Global VP of Trenton-based 'upcycler' to speak at campus, Nov.29
From unpaid intern to 27-year-old global vice president of media relations at TerraCycle, Inc., Albe Zakes will share his journey, which began as an inspired college kid looking to make a difference in the green industry, during his visit to Penn State Brandywine on Thursday, Nov. 29 at 11:30 a.m. in the Tomezsko Classroom Building, room 103.
Encouraged by his father during college, Zakes said landing an internship requires simple persuasion. “You go to the company [where you want to work], tell them you love it and that you will sweep the floors and work your way up.” That is exactly what he did.
In Zakes’ case, the company was Trenton-based TerraCycle, Inc., the world's leading "upcycling" company, which converts waste materials into eco-friendly, affordable products available at major retailers worldwide. With no prior public relations experience, Zakes said he learned through a lot of trial and error. Though he admits, “I’m embarrassed about some of the things I did in the early days,” he has worked his way all the way to the top of the public relations department.
His personal success story is the perfect example of the importance of internships and for this reason, Zakes made a promise ahead of his visit to the campus. “Any student who comes to the talk and asks me an intelligent question or makes me laugh will get an internship” at TerraCycle, he said. His department hires approximately eight interns every summer.
Considering his business model, this could be a valuable experience for any undergrad. Zakes runs wildly successful public relations and marketing campaigns without spending one advertising dollar ... ever. He relies on brand ambassadors, social media, grass roots campaigns and strong media relations to spread the word about TerraCycle.
The campus learned about TerraCycle while reading the book, “Start Something That Matters,” by TOMS shoes founder Blake Mycoskie, as part of the annual Campus Common Read Program.
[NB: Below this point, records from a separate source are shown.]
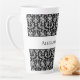 This exquisite latte mug features a timeless Victorian design, showcasing a classic black and white damask pattern. The unique color-morph effect adds a touch of modern elegance to this vintage-inspired piece. Perfect for enjoying your favorite beverage in style, this mug is a luxurious addition to any home.
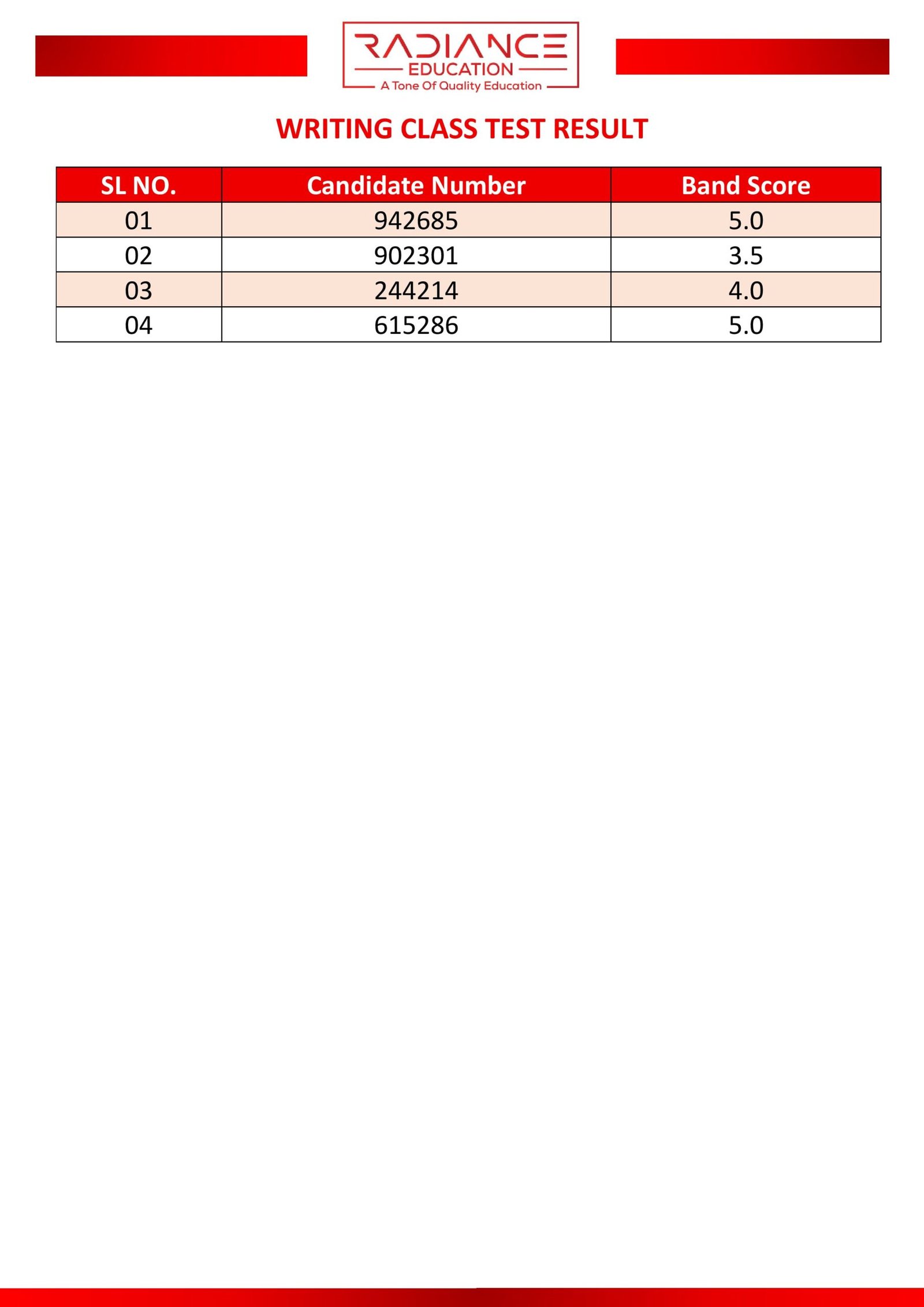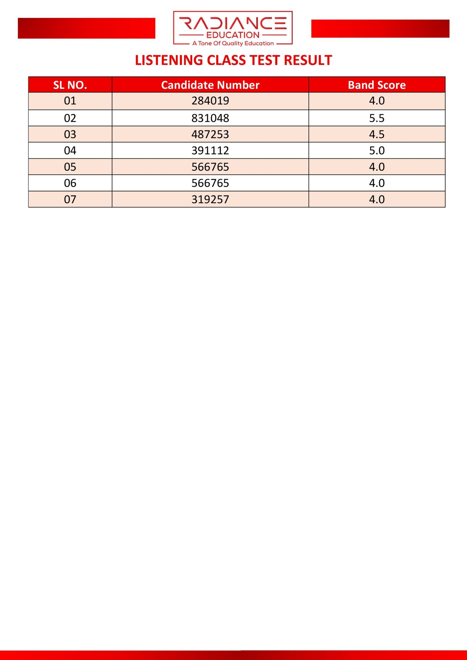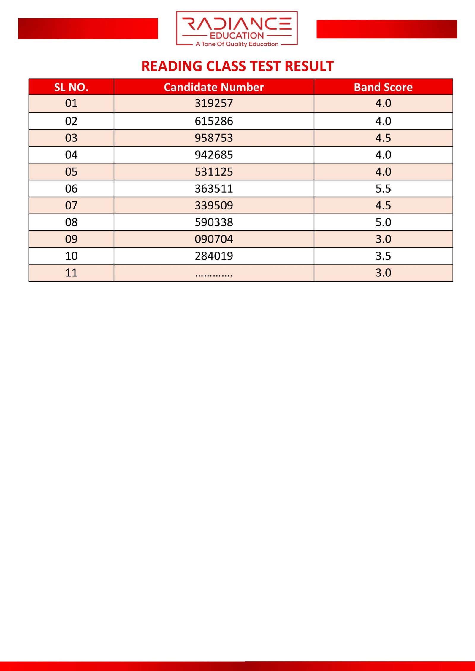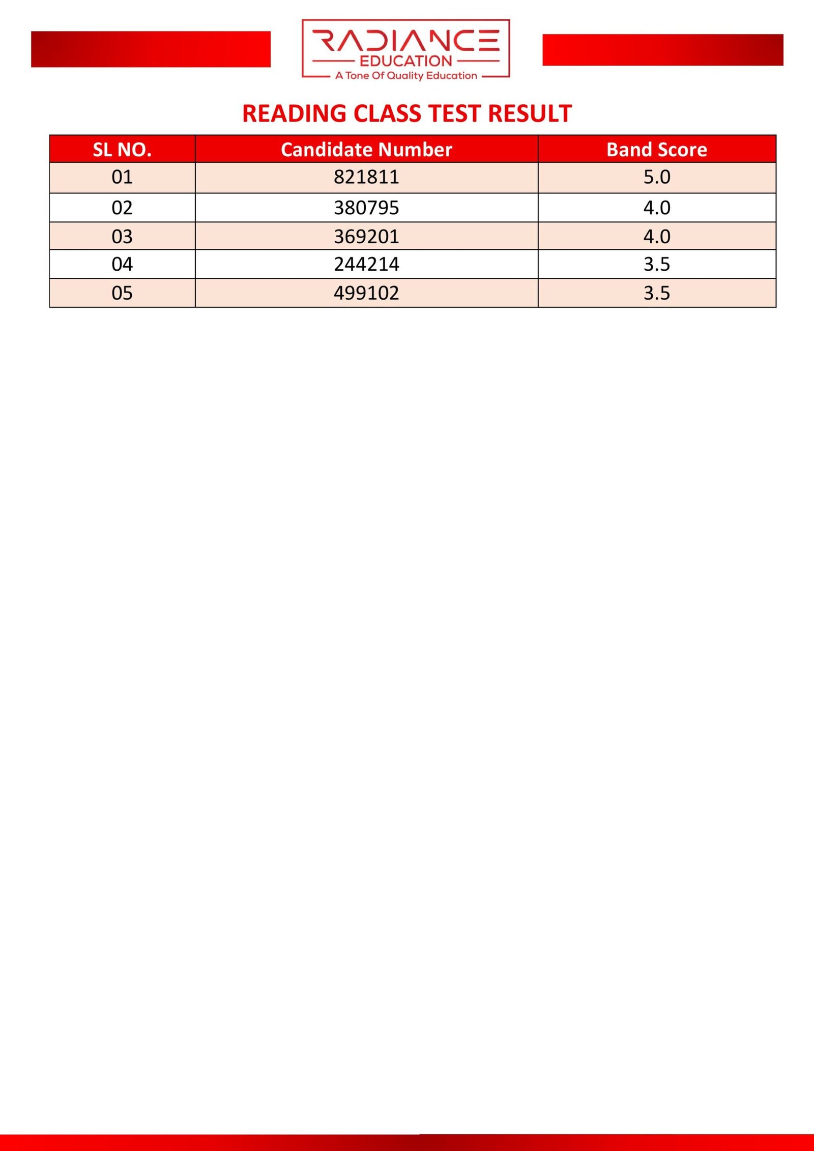 Here you can view the results of your most recent class or partial test.
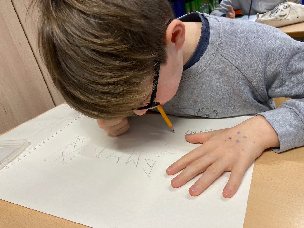 Het ‘Erfggoedtraject’ 2022 is van start gegaan in de gemeentelijke basisschool De Kriebel. De leerlingen krijgen een reeks workshops rond ‘schrijven en taal’ door alle tijden heen. In het eerste atelier ontdekken ze niet enkel de herkomst van onze eigen taal maar ook alle verschillende schriften doorheen de eeuwen en werelddelen. Het resultaat van hu ontdekkingstocht zal tentoongetseld worden op Erfgoeddag 2022.
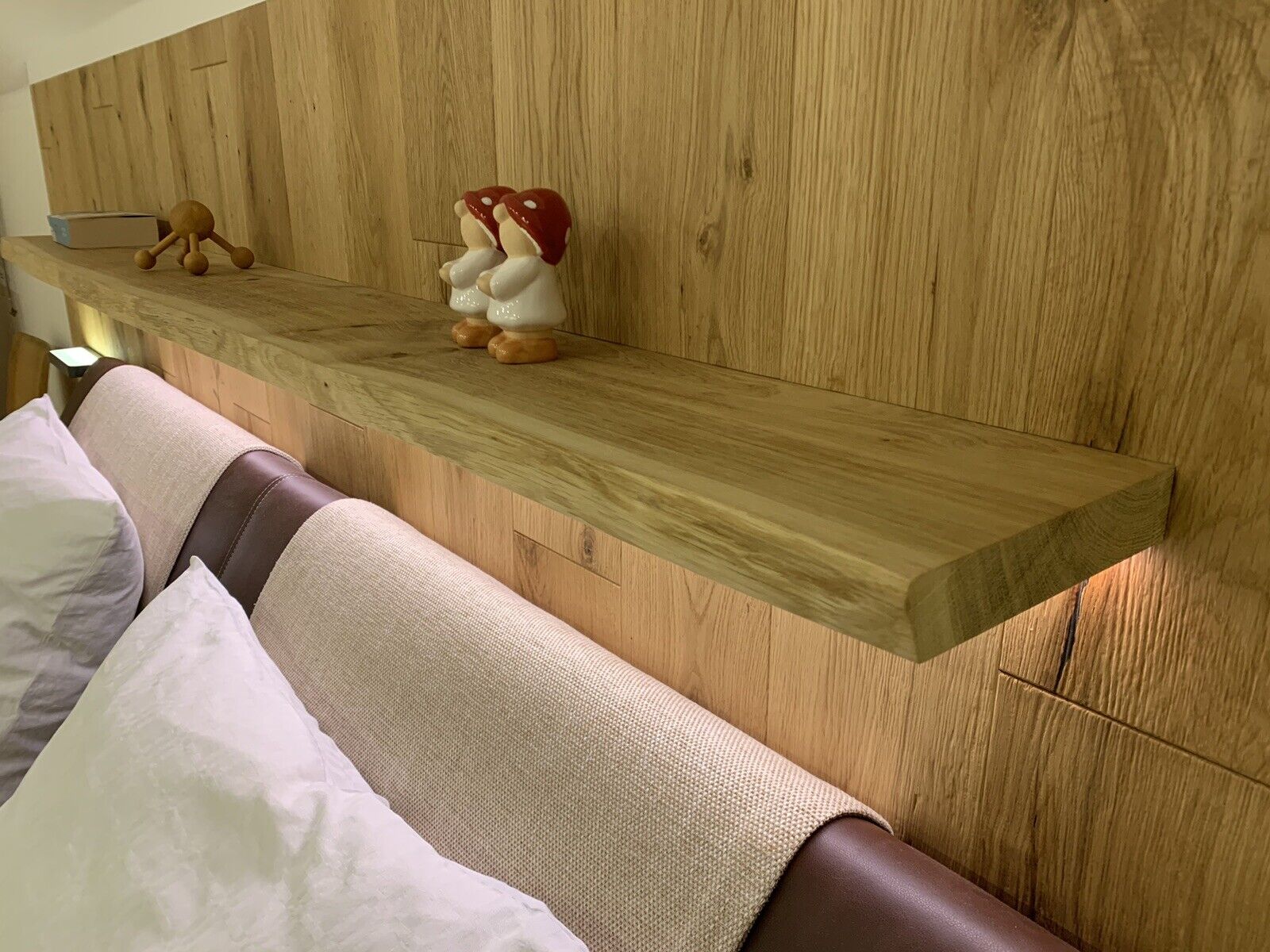 Du bestimmst die Länge (20–290 cm), Tiefe und Stärke. Auf Wunsch mit echter Baumkante für ein besonders naturverbundenes Erscheinungsbild. Durch unsere verdeckte Aufhängung wirkt das Regal schwebend und elegant – ganz ohne sichtbare Winkel. -
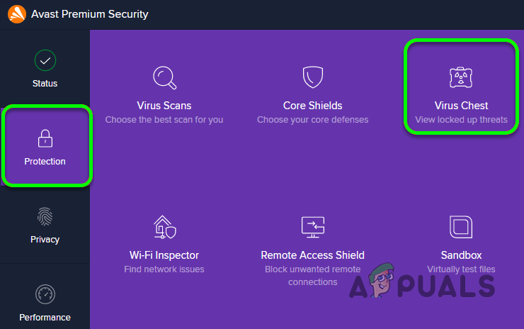 - lanzar el antivirus avast y ve a tu Proteccion pestaña.
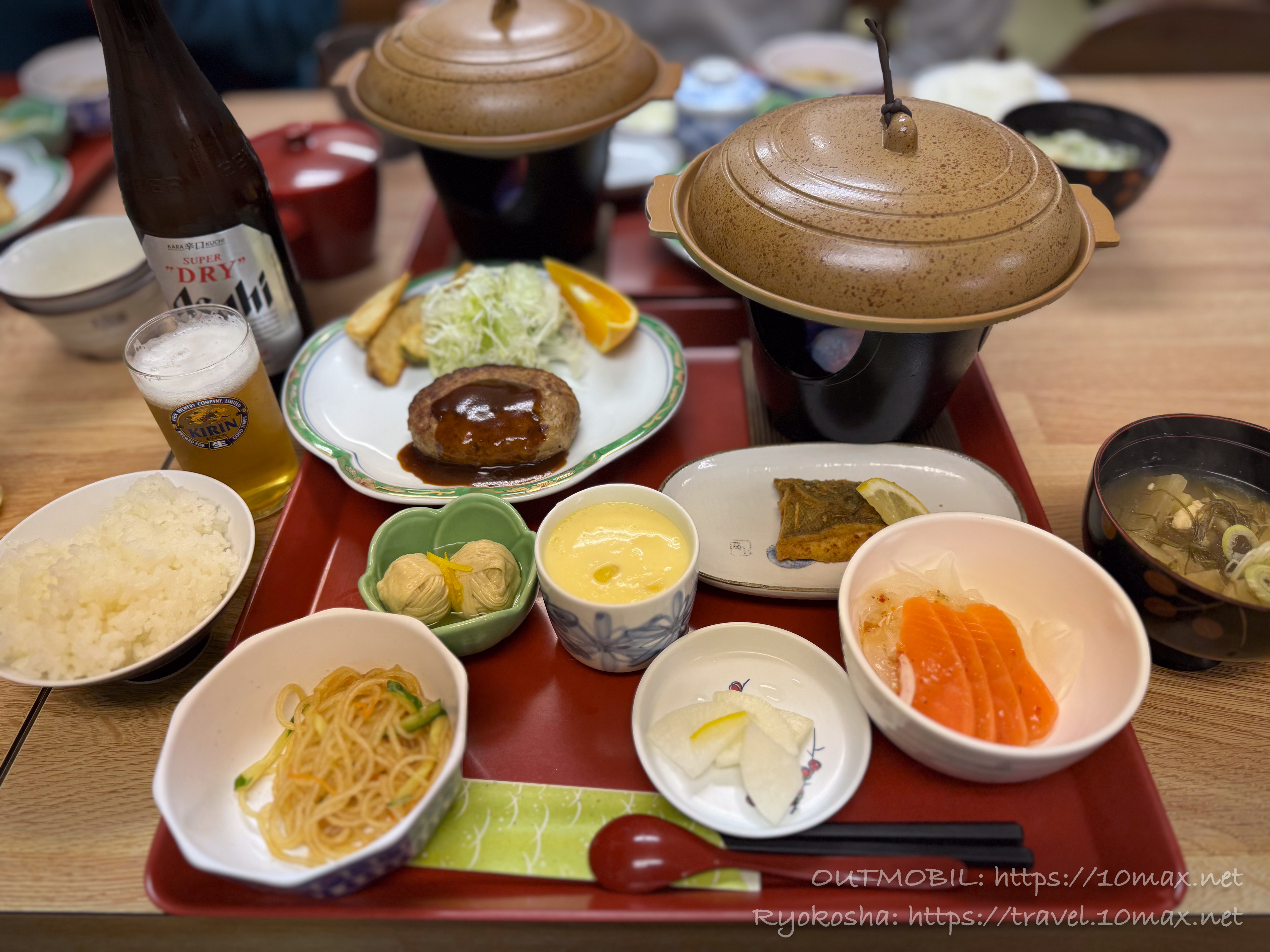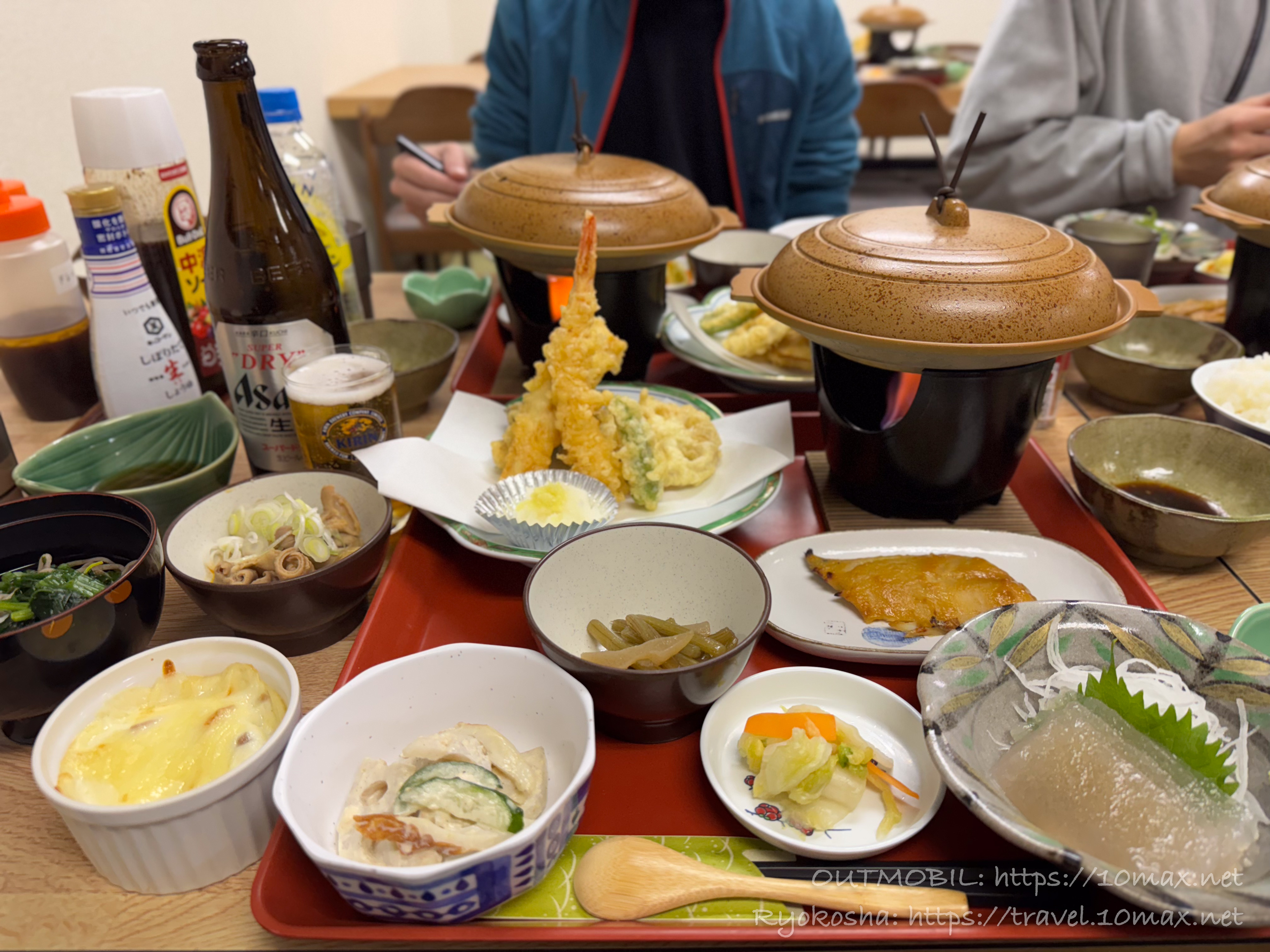 温泉に浸かり、夜の部を本格的にはじめていきます。マルイ旅館の飯は最高でした。

The theme of this year’s program, inspired by the book, is social enterprise and its place in not just today’s society, but also the future.
“I think beyond the money donated and the waste diverted, what is the most impactful part of [TerraCycle’s] mission is the education and engagement and inspiration that we provide to younger generations in the hopes that more and more of the future generations will look to start or work for or support the social enterprises that will be so vital to the success of our planetary health in the 21st century,” Zakes said.
The campus is collecting old pairs of shoes to be donated to TerraCycle for recycling and upcycling. Zakes said the shoes that are still wearable will be donated to those in need around the world. Heavily damaged or dirty shoes will be broken down so various parts can be sent to TerraCycle’s partners. For example, the rubber material used to make the soles will be broken down and used on playgrounds, while the fabric will be sold to a fabric recycling company.
Zakes’ talk is titled “TerraCycle: Finding the Marketing Magic in Your Local Landfill” and he said, “It will be ruckus, there will be a lot of poop jokes.” Of course, there’s a reason for the vulgarity. TerraCycle was founded by Tom Szkay, who was a freshman at Princeton University when he came up with the idea to have worms eat organic waste to make fertilizer. Or as Zakes put it, Szkay “dropped out of Princeton to liquefy worm poop.”